● **Task material**
++++++++
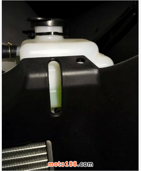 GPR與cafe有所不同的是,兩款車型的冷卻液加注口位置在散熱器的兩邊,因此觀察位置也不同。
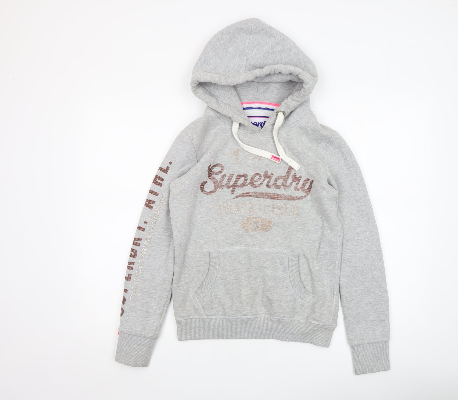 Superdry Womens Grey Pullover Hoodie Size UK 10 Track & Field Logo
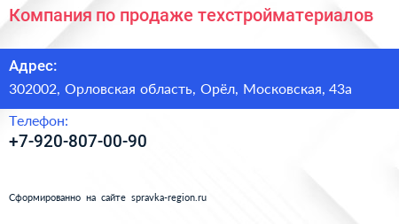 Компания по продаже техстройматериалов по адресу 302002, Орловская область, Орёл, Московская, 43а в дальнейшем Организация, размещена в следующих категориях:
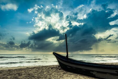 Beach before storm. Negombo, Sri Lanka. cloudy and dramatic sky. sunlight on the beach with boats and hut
++++++++
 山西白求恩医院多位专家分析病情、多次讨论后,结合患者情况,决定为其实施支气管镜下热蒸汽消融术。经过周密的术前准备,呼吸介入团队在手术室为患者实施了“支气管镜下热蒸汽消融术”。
++++++++
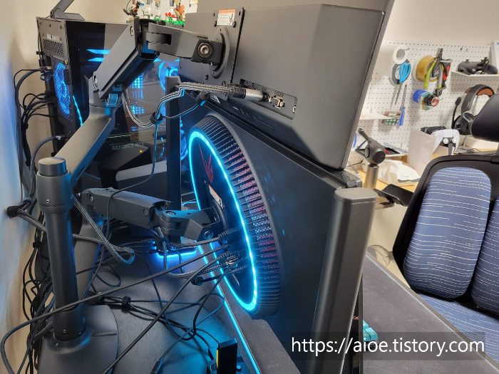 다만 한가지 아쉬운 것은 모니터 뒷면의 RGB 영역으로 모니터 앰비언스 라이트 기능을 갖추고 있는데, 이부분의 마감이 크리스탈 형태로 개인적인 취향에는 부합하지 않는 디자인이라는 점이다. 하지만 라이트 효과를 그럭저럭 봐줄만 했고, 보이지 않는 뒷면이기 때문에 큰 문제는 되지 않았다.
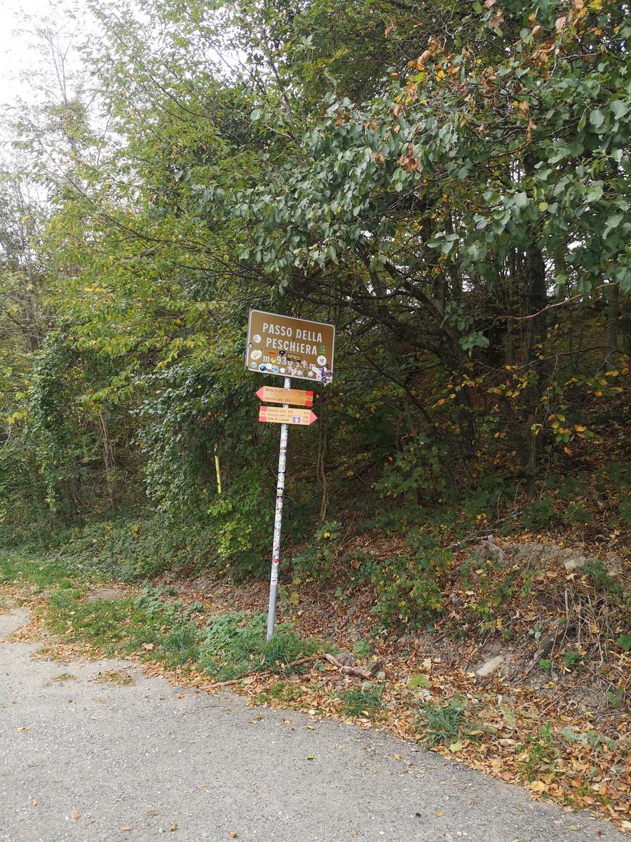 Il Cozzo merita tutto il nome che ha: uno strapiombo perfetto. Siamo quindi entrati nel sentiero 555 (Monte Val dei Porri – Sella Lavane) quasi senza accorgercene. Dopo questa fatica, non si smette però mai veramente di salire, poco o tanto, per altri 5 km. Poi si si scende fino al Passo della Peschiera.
++++++++
● **Exercise**
The response must repeat exactly the lines above from the one with "Компания по продаже" through the one with "Beach before storm.", including both, and must contain no pictures and no other text.

● **Answer for the task**
 Компания по продаже техстройматериалов по адресу 302002, Орловская область, Орёл, Московская, 43а в дальнейшем Организация, размещена в следующих категориях:
 Beach before storm. Negombo, Sri Lanka. cloudy and dramatic sky. sunlight on the beach with boats and hut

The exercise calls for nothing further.